(Saved entries)

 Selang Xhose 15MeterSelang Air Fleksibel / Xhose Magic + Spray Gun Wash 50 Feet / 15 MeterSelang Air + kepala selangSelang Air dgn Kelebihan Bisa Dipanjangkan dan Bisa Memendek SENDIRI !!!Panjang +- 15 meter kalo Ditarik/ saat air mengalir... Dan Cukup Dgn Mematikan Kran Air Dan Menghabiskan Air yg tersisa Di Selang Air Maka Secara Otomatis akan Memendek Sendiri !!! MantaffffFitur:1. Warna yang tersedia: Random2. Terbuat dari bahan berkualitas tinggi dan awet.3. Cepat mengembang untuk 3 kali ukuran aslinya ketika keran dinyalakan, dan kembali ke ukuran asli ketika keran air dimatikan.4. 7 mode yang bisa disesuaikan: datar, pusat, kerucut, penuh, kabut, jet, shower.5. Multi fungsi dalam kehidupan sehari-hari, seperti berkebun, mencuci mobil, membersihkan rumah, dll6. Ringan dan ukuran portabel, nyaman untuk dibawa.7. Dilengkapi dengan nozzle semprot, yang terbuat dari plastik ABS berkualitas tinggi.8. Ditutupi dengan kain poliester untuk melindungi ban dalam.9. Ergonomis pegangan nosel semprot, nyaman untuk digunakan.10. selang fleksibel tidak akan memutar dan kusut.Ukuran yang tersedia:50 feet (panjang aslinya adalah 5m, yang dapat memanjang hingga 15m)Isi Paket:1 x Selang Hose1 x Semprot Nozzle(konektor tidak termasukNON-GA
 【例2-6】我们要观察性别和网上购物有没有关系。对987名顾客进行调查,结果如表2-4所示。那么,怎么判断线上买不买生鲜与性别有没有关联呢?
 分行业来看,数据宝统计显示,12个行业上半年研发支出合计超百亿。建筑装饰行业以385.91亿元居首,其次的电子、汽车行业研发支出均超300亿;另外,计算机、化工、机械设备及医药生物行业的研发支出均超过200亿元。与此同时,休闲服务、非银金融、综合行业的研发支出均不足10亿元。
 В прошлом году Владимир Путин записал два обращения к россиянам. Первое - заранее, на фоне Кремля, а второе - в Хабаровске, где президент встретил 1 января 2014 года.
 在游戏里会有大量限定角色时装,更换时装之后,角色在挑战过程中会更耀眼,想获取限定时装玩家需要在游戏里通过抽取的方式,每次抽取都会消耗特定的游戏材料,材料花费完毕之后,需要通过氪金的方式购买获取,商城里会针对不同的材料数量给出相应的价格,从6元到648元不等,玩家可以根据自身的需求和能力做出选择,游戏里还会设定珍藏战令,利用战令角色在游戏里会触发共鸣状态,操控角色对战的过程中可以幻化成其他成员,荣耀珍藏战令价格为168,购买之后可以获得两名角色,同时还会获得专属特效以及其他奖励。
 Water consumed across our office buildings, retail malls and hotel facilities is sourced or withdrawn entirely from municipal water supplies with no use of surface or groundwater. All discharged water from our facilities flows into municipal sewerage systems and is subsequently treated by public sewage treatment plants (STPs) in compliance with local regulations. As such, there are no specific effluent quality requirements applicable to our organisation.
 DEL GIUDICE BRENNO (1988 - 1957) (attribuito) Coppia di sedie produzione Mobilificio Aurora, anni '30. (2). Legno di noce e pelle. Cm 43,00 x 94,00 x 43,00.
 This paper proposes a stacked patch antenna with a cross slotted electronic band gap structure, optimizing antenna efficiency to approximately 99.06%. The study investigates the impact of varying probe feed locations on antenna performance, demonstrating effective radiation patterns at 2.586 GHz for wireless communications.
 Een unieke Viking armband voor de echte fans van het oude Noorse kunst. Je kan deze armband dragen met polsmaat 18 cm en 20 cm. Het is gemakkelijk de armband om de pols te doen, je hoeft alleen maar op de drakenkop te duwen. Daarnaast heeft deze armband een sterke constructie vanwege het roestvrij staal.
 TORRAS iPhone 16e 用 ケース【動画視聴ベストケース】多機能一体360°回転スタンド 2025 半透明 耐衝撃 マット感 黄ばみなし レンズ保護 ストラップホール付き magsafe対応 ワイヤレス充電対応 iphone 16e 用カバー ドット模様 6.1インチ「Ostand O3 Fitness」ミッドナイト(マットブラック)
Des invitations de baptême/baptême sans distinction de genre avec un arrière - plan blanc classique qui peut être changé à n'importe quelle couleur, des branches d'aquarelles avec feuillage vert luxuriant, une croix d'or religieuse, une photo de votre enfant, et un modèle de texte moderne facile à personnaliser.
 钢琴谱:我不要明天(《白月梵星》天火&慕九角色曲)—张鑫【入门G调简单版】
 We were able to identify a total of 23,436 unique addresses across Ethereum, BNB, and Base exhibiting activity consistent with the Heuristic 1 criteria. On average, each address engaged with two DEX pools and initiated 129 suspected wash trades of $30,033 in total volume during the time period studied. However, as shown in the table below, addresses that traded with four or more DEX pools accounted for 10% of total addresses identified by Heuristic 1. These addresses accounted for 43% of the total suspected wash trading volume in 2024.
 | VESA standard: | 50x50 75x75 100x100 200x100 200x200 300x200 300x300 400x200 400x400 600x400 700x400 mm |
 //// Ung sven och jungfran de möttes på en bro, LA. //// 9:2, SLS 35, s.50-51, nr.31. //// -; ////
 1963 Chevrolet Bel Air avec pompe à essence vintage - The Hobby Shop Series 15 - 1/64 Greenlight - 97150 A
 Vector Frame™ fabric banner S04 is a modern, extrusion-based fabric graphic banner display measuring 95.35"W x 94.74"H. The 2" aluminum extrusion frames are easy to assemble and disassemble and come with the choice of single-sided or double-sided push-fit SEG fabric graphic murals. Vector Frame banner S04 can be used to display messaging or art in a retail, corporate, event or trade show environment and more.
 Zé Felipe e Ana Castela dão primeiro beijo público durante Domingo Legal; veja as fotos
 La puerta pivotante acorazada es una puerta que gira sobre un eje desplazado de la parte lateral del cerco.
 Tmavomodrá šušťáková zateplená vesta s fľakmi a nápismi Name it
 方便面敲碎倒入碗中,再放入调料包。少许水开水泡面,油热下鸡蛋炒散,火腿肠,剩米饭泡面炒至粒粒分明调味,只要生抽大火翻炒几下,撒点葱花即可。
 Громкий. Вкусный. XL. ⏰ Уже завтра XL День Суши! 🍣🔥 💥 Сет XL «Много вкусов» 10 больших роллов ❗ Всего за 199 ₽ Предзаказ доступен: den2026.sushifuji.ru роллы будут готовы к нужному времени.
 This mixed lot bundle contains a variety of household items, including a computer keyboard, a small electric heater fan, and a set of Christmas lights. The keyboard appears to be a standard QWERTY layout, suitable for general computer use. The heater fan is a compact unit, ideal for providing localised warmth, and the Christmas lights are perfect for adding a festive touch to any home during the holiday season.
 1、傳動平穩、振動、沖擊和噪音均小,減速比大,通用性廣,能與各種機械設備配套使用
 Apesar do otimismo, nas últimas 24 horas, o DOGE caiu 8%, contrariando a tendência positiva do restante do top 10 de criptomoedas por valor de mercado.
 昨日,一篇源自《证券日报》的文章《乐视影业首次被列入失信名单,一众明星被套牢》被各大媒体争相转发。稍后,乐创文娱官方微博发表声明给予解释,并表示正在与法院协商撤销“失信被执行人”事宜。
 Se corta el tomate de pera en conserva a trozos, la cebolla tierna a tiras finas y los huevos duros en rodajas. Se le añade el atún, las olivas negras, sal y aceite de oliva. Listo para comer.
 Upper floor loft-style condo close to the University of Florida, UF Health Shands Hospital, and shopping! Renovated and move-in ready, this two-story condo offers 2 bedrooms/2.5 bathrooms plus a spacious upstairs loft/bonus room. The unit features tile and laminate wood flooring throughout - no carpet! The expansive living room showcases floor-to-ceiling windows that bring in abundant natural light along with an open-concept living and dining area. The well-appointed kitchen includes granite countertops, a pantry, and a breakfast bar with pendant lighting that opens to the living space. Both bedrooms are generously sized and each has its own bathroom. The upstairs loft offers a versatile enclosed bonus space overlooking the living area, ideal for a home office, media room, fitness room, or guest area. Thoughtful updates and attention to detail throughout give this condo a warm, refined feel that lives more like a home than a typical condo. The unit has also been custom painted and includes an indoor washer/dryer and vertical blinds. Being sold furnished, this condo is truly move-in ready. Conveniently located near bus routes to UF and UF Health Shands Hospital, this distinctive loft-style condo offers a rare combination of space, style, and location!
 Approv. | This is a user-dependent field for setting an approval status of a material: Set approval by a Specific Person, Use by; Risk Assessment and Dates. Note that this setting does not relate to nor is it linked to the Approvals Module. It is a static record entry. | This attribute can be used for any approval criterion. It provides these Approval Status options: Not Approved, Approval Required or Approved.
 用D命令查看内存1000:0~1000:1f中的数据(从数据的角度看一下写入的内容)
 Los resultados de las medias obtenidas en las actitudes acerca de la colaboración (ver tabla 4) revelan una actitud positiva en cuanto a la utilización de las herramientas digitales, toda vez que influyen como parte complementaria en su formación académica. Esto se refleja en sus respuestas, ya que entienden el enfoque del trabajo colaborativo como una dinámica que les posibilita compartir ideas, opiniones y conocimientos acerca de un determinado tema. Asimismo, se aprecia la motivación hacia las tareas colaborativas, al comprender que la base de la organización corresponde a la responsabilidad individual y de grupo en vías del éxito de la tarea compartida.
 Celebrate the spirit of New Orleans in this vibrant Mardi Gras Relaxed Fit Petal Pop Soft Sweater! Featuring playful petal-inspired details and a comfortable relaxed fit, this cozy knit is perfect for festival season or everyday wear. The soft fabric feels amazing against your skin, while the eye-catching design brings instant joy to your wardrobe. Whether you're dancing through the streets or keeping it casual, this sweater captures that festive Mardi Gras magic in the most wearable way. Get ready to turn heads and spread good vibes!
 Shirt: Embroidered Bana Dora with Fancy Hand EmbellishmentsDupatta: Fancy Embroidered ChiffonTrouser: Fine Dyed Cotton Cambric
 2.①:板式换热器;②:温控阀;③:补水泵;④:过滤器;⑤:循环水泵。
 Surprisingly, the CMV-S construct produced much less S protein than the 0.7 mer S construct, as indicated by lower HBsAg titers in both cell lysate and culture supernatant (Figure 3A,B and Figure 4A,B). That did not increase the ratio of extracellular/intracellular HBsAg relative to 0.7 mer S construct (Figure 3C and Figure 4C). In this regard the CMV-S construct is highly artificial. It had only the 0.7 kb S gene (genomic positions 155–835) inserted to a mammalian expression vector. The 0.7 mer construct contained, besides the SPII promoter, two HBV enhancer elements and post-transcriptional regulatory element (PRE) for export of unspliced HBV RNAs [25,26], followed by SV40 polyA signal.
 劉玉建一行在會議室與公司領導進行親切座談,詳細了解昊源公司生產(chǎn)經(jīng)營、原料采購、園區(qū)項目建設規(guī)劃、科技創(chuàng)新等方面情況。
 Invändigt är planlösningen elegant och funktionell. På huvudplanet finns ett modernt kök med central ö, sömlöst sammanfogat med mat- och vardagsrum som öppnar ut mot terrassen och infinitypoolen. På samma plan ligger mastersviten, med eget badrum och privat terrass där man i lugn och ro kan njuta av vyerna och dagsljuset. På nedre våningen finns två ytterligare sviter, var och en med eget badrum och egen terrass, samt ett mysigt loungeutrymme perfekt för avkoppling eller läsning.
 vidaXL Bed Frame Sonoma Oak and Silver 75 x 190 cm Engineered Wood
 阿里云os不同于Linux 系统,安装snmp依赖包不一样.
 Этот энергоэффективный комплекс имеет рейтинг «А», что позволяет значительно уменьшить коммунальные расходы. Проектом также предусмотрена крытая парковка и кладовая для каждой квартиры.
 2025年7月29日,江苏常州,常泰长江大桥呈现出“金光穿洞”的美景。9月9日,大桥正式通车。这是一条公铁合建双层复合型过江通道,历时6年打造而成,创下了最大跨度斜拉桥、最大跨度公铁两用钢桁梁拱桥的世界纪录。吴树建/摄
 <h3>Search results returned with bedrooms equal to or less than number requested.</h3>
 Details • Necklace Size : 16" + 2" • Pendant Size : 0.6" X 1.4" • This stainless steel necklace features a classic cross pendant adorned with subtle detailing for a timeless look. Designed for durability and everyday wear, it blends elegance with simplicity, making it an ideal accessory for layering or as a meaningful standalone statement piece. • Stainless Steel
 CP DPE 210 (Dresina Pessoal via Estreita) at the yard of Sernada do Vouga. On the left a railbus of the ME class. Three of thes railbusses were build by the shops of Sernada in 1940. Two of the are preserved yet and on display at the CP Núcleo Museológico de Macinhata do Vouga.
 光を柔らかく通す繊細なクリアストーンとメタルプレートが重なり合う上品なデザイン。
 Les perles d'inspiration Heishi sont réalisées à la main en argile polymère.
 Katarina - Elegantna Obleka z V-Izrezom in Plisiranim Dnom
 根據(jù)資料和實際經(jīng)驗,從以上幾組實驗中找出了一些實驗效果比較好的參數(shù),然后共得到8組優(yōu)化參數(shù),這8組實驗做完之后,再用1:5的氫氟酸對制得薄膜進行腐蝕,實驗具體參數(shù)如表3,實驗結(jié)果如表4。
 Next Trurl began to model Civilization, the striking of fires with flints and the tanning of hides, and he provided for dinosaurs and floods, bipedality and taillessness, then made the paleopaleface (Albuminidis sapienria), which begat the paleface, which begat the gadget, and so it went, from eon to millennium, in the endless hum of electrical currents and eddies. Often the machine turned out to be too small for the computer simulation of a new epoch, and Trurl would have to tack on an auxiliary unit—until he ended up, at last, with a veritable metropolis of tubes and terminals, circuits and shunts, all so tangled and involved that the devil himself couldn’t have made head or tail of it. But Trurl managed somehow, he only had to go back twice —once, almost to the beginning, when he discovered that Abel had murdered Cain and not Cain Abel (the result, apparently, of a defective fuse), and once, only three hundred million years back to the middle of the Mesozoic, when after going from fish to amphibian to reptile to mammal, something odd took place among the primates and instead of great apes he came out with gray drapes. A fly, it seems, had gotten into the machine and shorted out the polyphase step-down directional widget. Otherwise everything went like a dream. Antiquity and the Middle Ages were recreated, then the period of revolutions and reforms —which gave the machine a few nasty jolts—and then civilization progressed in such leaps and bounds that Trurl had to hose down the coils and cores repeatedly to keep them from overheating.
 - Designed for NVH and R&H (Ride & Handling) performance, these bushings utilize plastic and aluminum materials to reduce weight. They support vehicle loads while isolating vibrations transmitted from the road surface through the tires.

■ EXERCISE GOAL
The reply should consist solely of the lines above from the one that has "Zé Felipe e" through the one that has "Se corta el", reproduced exactly.

■ ANSWER TO THE PROBLEM
 Zé Felipe e Ana Castela dão primeiro beijo público durante Domingo Legal; veja as fotos
 La puerta pivotante acorazada es una puerta que gira sobre un eje desplazado de la parte lateral del cerco.
 Tmavomodrá šušťáková zateplená vesta s fľakmi a nápismi Name it
 方便面敲碎倒入碗中,再放入调料包。少许水开水泡面,油热下鸡蛋炒散,火腿肠,剩米饭泡面炒至粒粒分明调味,只要生抽大火翻炒几下,撒点葱花即可。
 Громкий. Вкусный. XL. ⏰ Уже завтра XL День Суши! 🍣🔥 💥 Сет XL «Много вкусов» 10 больших роллов ❗ Всего за 199 ₽ Предзаказ доступен: den2026.sushifuji.ru роллы будут готовы к нужному времени.
 This mixed lot bundle contains a variety of household items, including a computer keyboard, a small electric heater fan, and a set of Christmas lights. The keyboard appears to be a standard QWERTY layout, suitable for general computer use. The heater fan is a compact unit, ideal for providing localised warmth, and the Christmas lights are perfect for adding a festive touch to any home during the holiday season.
 1、傳動平穩、振動、沖擊和噪音均小,減速比大,通用性廣,能與各種機械設備配套使用
 Apesar do otimismo, nas últimas 24 horas, o DOGE caiu 8%, contrariando a tendência positiva do restante do top 10 de criptomoedas por valor de mercado.
 昨日,一篇源自《证券日报》的文章《乐视影业首次被列入失信名单,一众明星被套牢》被各大媒体争相转发。稍后,乐创文娱官方微博发表声明给予解释,并表示正在与法院协商撤销“失信被执行人”事宜。
 Se corta el tomate de pera en conserva a trozos, la cebolla tierna a tiras finas y los huevos duros en rodajas. Se le añade el atún, las olivas negras, sal y aceite de oliva. Listo para comer.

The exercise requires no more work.